Quotulatiousness

July 8, 2018

Swedish home defence

Filed under: Europe, Military — Tags: , , — Nicholas @ 03:00

Last week, Strategy Page took a look at Sweden’s home defence arrangements, including their first surprise mobilization of the Hemvärnet – Nationella skyddsstyrkorna (Home Guard) in over 40 years:

Swedish Home Guard soldiers in Kungsträdgården, Stockholm on 6 August, 2001.
Photo by Peter Fristedt, via Wikimedia Commons.

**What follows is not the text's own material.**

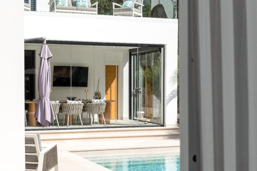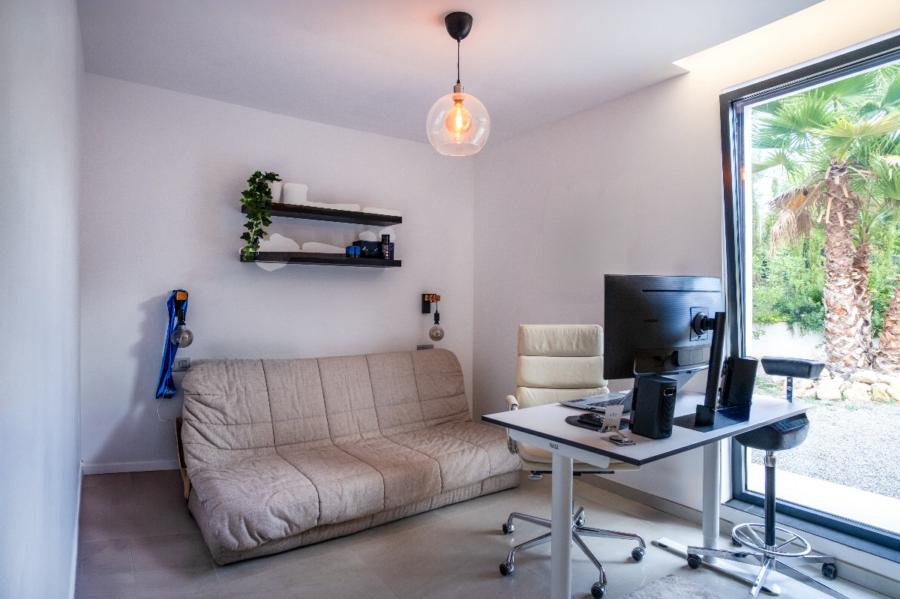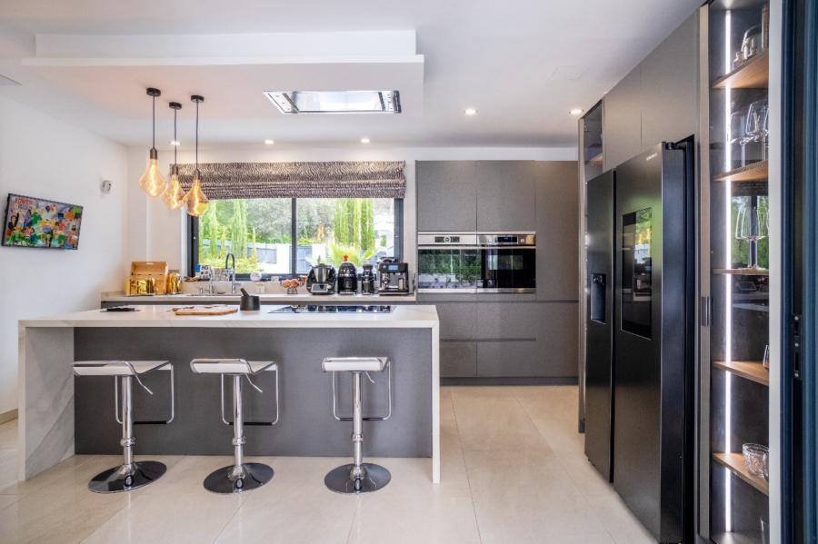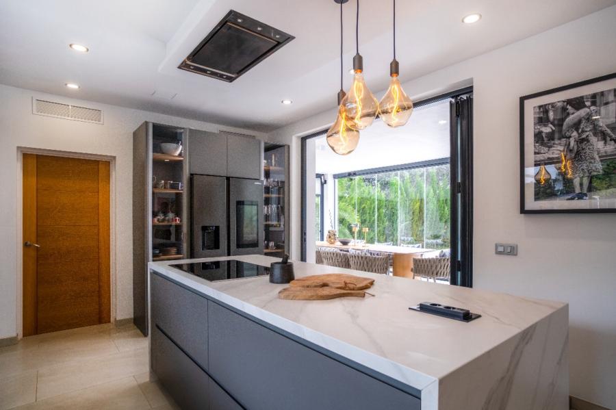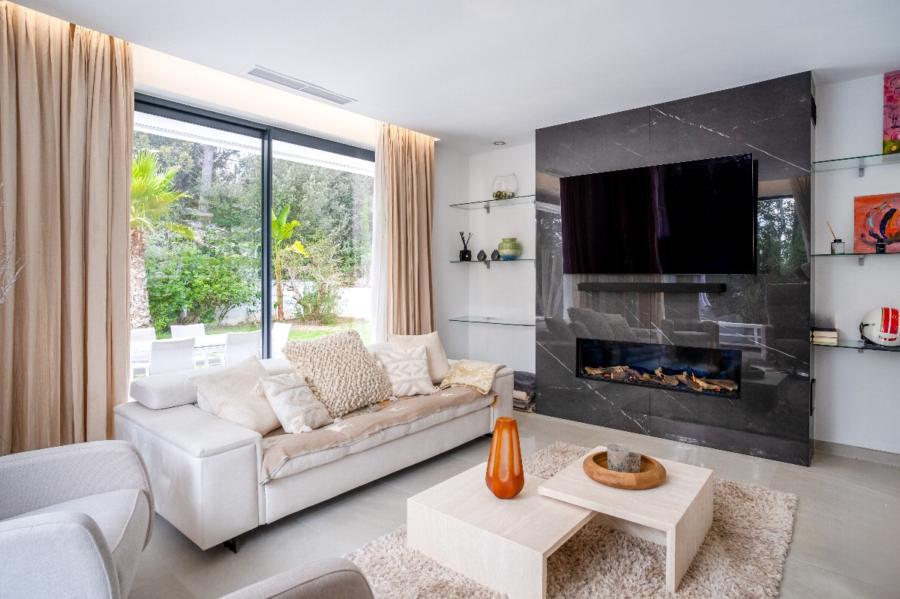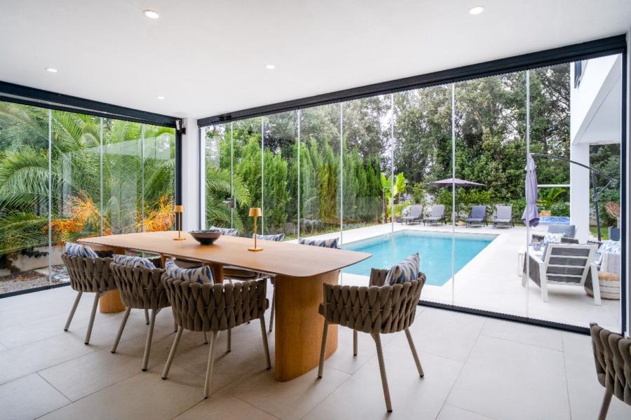 From the kitchen, there is access to the covered porch, designed for year-round enjoyment thanks to its glass enclosure system. This area is set up as an outdoor living room with TV, designer furniture, and a bar with stools, enjoying open views over the landscaped garden with irrigation system, the swimming pool, and the surrounding green areas. Outside, the villa also offers a convenient guest WC.
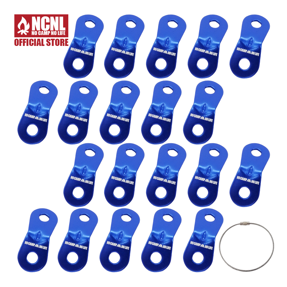 NCNL NO CAMP NO LIFE 自在金具 二つ穴型 ブルー 20個 アルミ テント タープ ロープ 長さ調整 ロープテンショナー ガイラインライナー 収納用ワイヤー付き

On June 4th Sweden held its first nationwide, unannounced mobilization of the Home Guard since 1975. This is another effort to prepare Sweden to deal with the renewed Russian threat. The Home Guard consists of reservists and volunteers whose job is local defense and maintenance of order in a national or local emergency. The Home Guard currently has about 22,000 members organized into 70 infantry battalions (each with 2-5 companies) that are assigned to areas where their part-time soldiers work and live. The Home Guard was created in 1940 and now depends on volunteers who are either former full time or reservist personnel who have at least three months of basic training. Twice a year Home Guard personnel two four day long training exercises. These four-day events involve practicing mobilization and doing what they are expected to do in wartime or a major emergency. In addition, most Home Guard companies (about 70 troops each) hold weekend training sessions ten times a year.

The unannounced mobilization of the Home Guard serves to find out how well the Home Guard as a whole would function. The Home Guard is voluntary and members can leave the force any time they choose to. Since 2014 there have been more volunteers and the Home Guard units could be more selective in who they accepted. The Home Guard mobilization is but the latest effort by Sweden to rebuild its traditional defense. The Home Guard take their training and readiness very seriously, especially when there is an obvious threat. In 1940 it was the Germans but after 1945 it was the Russians, at least until 1991. Now the Russians are once more a threat and the government had to agree that the Home Guard required more attention, resources and training.

Yet the Home Guard is more a police and emergency services than a military one. While the guardsmen are armed they are not expected to be a primary defense against invaders. This point was made when the people of Gotland Island recently pointed out that the local Home Guard was not enough to protect areas like Gotland from a surprise attack. The resulted in the government taking action to put a military garrison back on Gotland.

The Home Guard is not the only component of Swedish military readiness being tested. In late 2017 Sweden held its largest military exercises since the 1990s. Some 19,000 full-time soldiers and reservists were involved and the exercise was based on Russia attempting to seize and hold the island of Gotland after a surprise attack. The defense of Gotland has been an issue in Sweden ever since conscription was ended in 2010. Since the 1990s the military budget and number of full-time troops were cut. That led to the elimination of the Gotland garrison, a small force of full-time soldiers to watch for a Russian surprise attack and alert the reserve forces on the island to mobilize. With the end of conscription, it proved impossible to attract enough volunteers from Gotland to sustain the traditional force of military reservists, who would quickly mobilize and confront the invaders.